A red health state for any of these components is unrecoverable for the current flight:
- `frame_ingest` red → no input → cannot operate.
- `mavlink_layer` red → no UAV control → trigger RTL via the autopilot's failsafe (the autopilot itself enforces this when MAVLink heartbeat stops).
- `mission_executor` red → mission lifecycle stuck → operator must take RC control.
A red health state for these components is degraded-but-survivable:
- `detection_client` → continue zoom-out sweep; lose Tier 1.
- `movement_detector` → continue; lose movement-candidate POI source.
- `semantic_analyzer` → continue; surface Tier-1-only POIs.
- `vlm_client` → fail-closed (POIs surfaced without VLM evidence).
- `mapobjects_store` → continue with in-memory state; persistent diff lost on restart. Sync state may transition to `Stale` (operator visible).
- `mapobjects_sync` (logical, owned by `mission_client`) → mission proceeds with stale snapshot; post-flight push retries via leftover spool. Operator sees `mapobjects_sync = degraded`.
- `operator_bridge` / `telemetry_stream` → continue zoom-out sweep; pause POI surfacing; resume on reconnect. F10 lost-link ladder owns the larger response.
- `gimbal_controller` → pause zoom-in / target-follow; zoom-out sweep stops.
- `mission_client` → continue current mission from in-memory copy.

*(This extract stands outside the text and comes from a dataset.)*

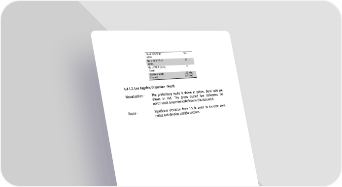 No. of 20 ft (6 m) 563 pylons No. of 50 ft (15 m) 80 pylons No. of 100 ft (30 m) 12 Pylons Additional length 1.20 miles Required (1.93 km) 4.4.1.2. Los Angeles/Grapevine – North Visualization - The preliminary route is shown in yellow. Bend radii are shown in red. The green dashed line delineates the north/south Grapevine definition in this document. Route - Significant deviation from I-5 in order to increase bend radius and develop straight sections.

## 6. Replay-driven debugging
All non-trivial decisions in `scan_controller`, `movement_detector`, `semantic_analyzer`, `vlm_client`, and `mission_executor` are reconstructable from logs + the (size-capped) raw inputs that drove them:
- Frame seq, gimbal state at decode, telemetry sample used, Tier-1 detections returned, Tier-2 score, VLM raw response (size-capped), operator command, resulting state transition.
This is the foundation of the replay-based integration tests in `ci_cd_pipeline.md §2`.
## 7. Out of scope here
- Suite-wide observability stack choice (OTLP vs Loki vs Tempo vs Promtail) — owned by suite ops.
- Persistent log retention policy — owned by suite ops.
- Alerting routing (Slack / PagerDuty / email) — owned by suite ops.